# What does everyone do??



## Hannah_Joannou (Jun 8, 2017)

Hi everyone

I have just returned from a 2 week holiday in Cyprus.

My partner and I are moving to Cyprus in February 2018 so this was a chance for us to look for jobs and to look at certain areas. We have decided to stick to paralimni, ayia napa, protaras, and the surrounding areas. 
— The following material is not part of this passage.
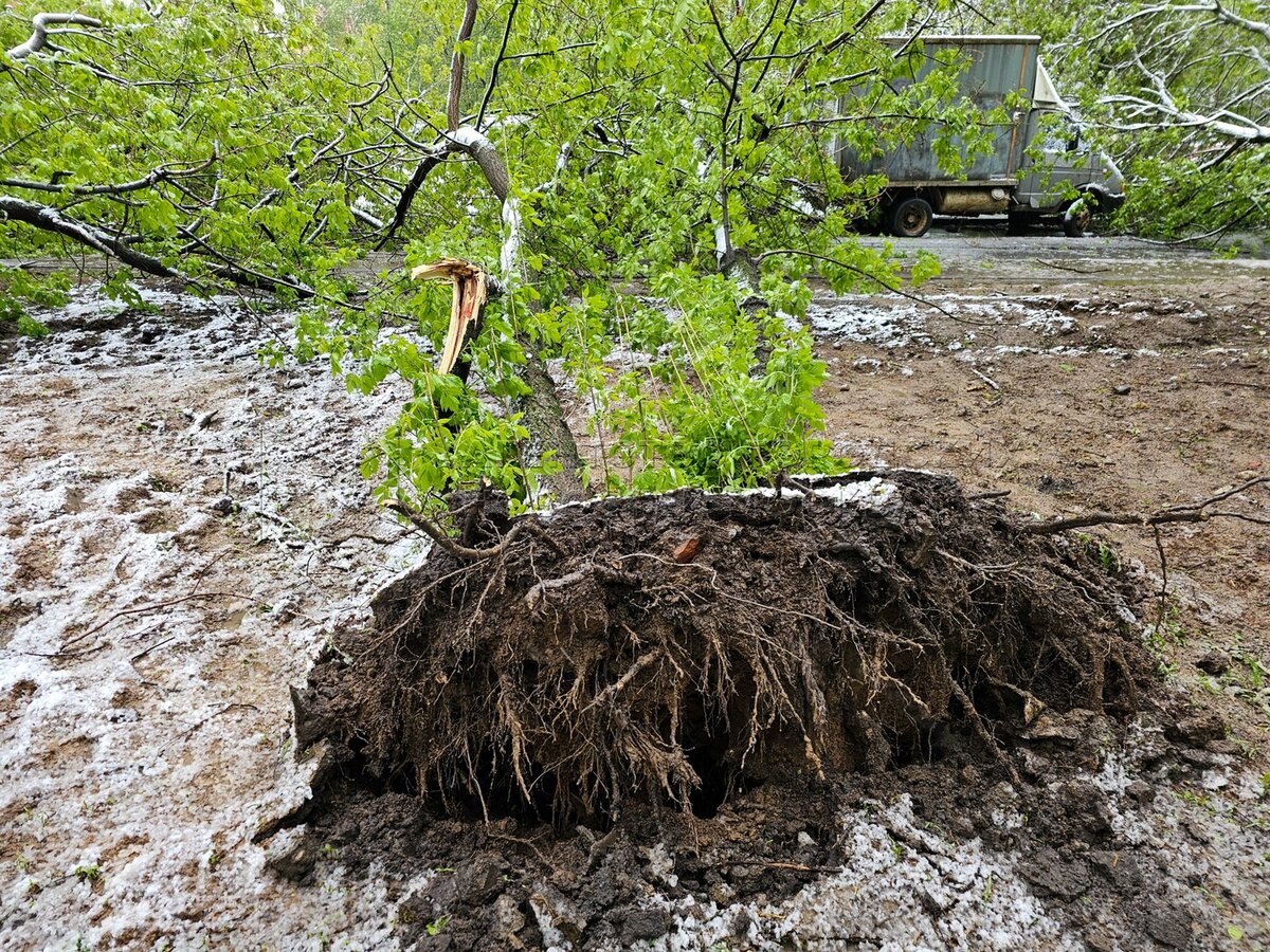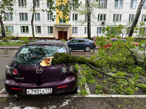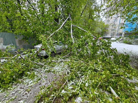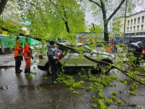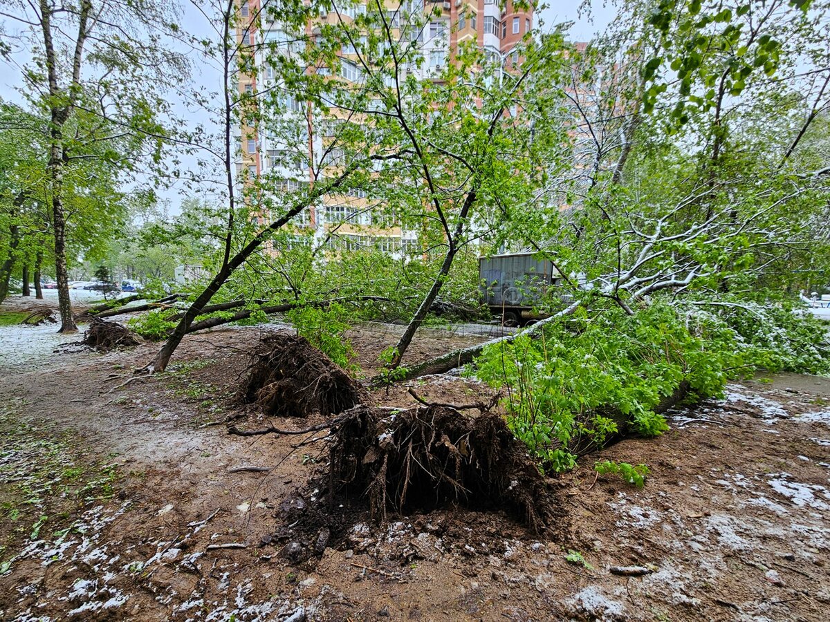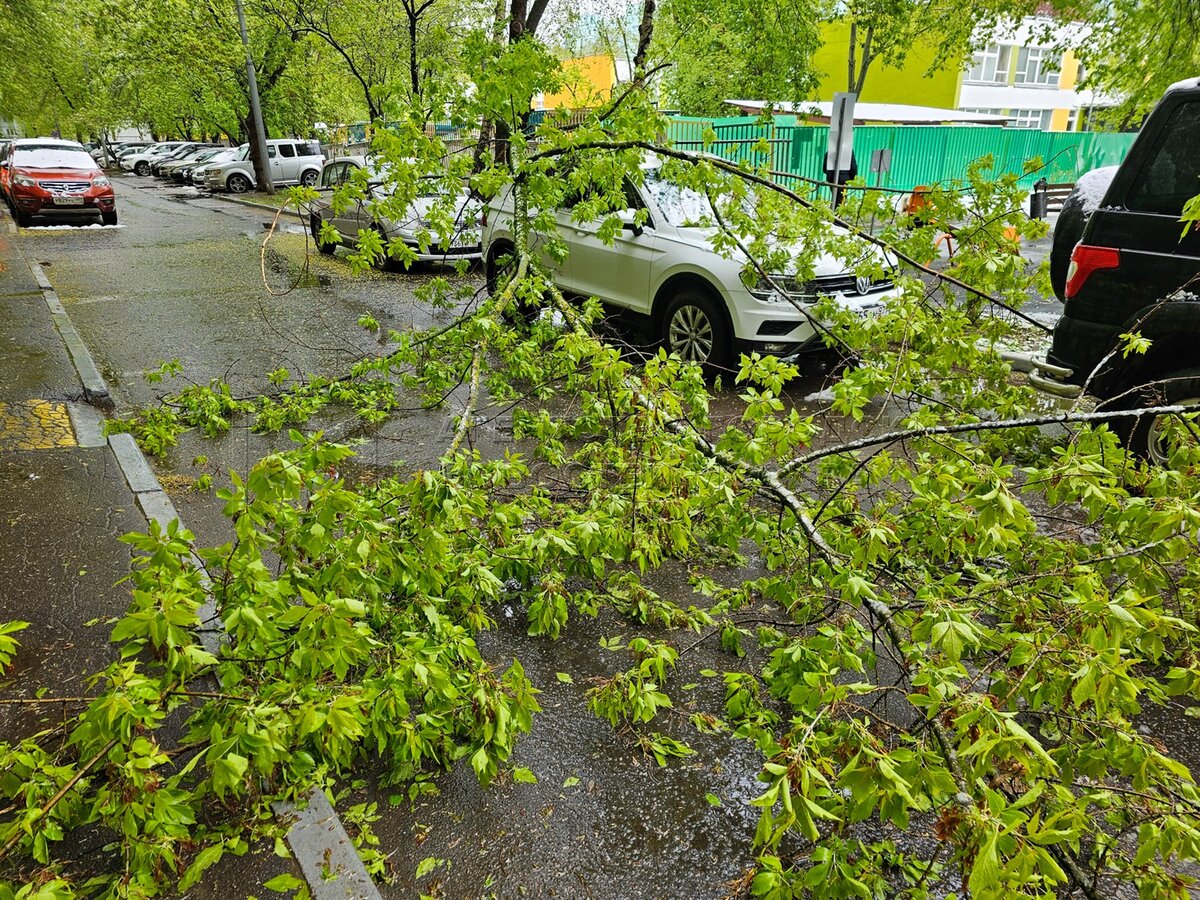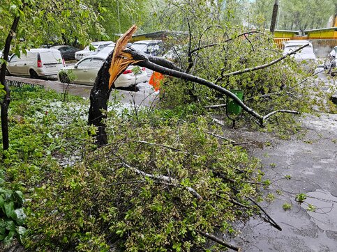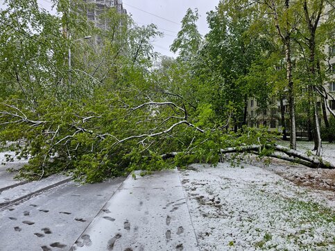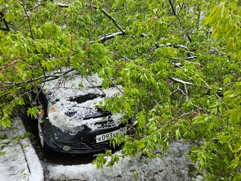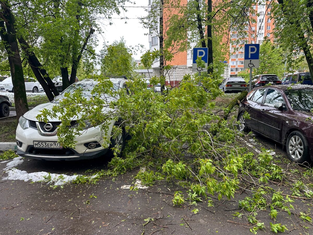 - Заголовок: Последствия падения деревьев на автомобили во дворах из-за мокрого снега в Москве

I was wondering what jobs everyone else does over there and if they enjoy their roles?

Hannah


----------



## Veronica (Apr 5, 2008)

My husband and I have a real estate business although these days we tend to be very selective with clients as we are really semi retired. We have been in the business for almost 12years and thoroughly enjoyed it. Many clients have become firm friends.


----------



## MrSpadge (Jun 7, 2015)

Mrs Spadge and I are retired. Our main pastime is loafing


----------



## kimonas (Jul 19, 2008)

I have changed roles a few times in the twelve years Since I relocated to Cyprus but principally have been involved in consultancy in Higher Education partnerships with local and international Universities. It has involved a lot of international travel within the last few years which is one reason I have not been on the forum for quite some time. Now have returned to a more settled timetable and reliable connectivity. Have thoroughly enjoyed what has become a very varied and challenging role.


----------



## Veronica (Apr 5, 2008)

Welcome back Kimonas.


----------



## GSmith (Nov 9, 2015)

I work for a small Investment Advisory firm in Limassol for the last 14 years after previously working for Lloyds Bank in UK & Jersey. I have clients all over the island but the biggest number of clients in employment are in Limassol. Life is great here in Cyprus if you can handle it but don't burn your bridges when you leave UK. Rent property for a while until you are certain you will stay.


----------